The Square Circuit

Academia, parenthood, living in a bankrupt city, and what I read in the process.

Tuesday, August 16, 2005

searching for the sound

Reading Log, continued.

Finished Cheever's BULLET PARK and was amazed at how... weird it was. I didn't expect what it turned out to be, which was an experiment in narrative. Although he gets stereotyped as the chronicler of the MetroNorth suburbs, I've never found him to be a typical realist writer. His writings often take place in southwestern Connecticut, but they are not your typical New Yorker stories. "The Swimmer," his best-known story, is allegorical and classical and scary, and the WAPSHOT books take place not in Connecticut but farther up in New England. I won't spoil BULLET PARK but it's creepy and distanced and fantastic. There's a nice article about Cheever's "suburban aesthetic" on UVA's web. Anyone who's read Cheever's journals could probably attest to Cheever's scary strangeness, as well. He's got one of the strangest triumverates of obsessions I've ever seen in a writer: anonymous gay sex, the beauty of the city of Rome, and the interior life of the inhabitants of the New York City suburbs.

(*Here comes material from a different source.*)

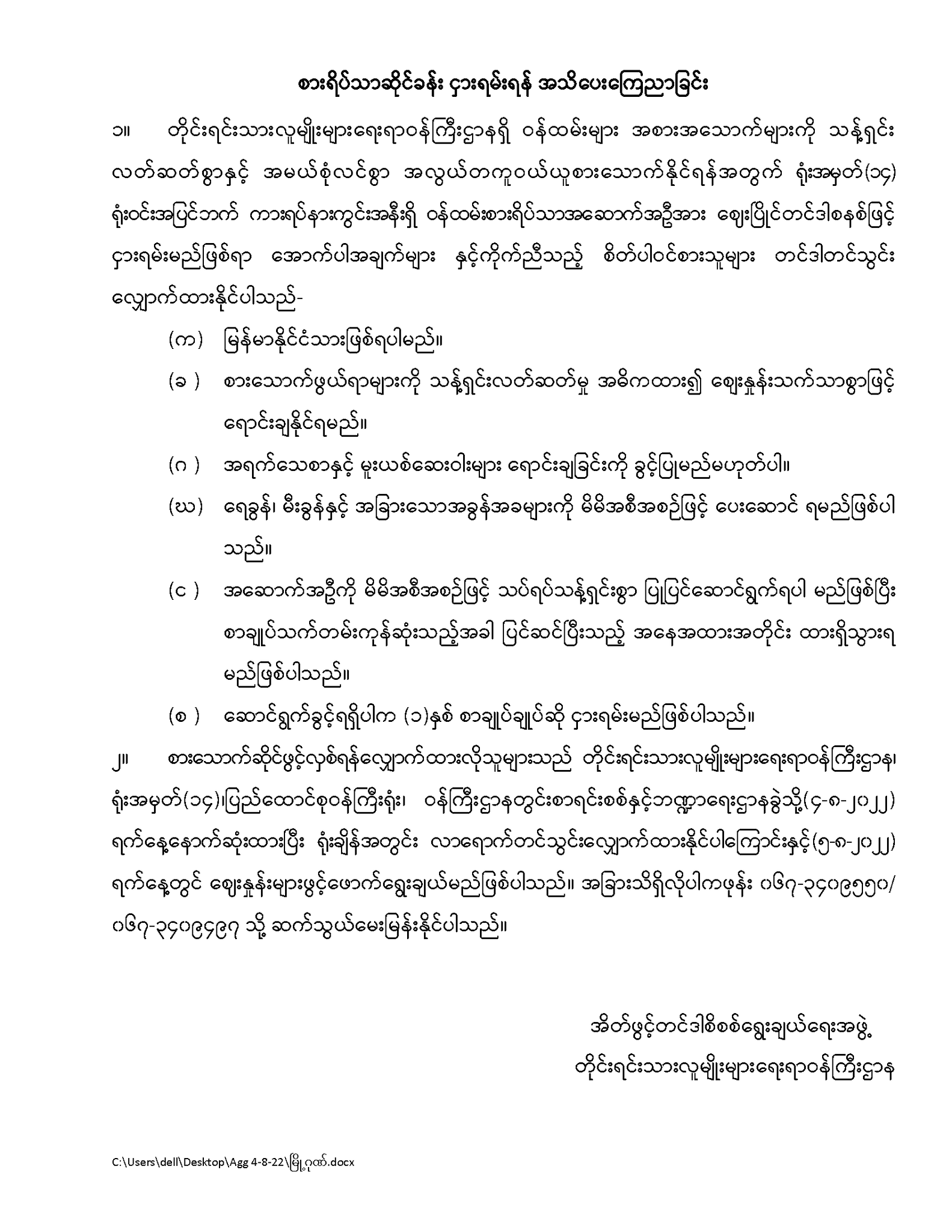 တိုင်းရင်းသားလူမျိုးများရေးရာဝန်ကြီးဌာန၊ တိုင်းရင်းသားအခွင့်အရေးများကာကွယ်စောင့်ရှောက်ရေးဦးစီးဌာန အိတ်ဖွင့်တင်ဒါခေါ်ယူခြင်း

Read Phil Lesh's memoir SEARCHING FOR THE SOUND as well (it was sitting around the house). Not much interesting there. I've read a bunch of Grateful Dead-related books in the last year but I find nothing that explains the nature of the relationship between the band and the fans. It's a question I keep returning to, as I keep thinking about the East Coast Deadheads I went to college with. What drew them in? Was it just the drugs? No, really, after all the crap about community and oneness and blah blah, was it just the drugs?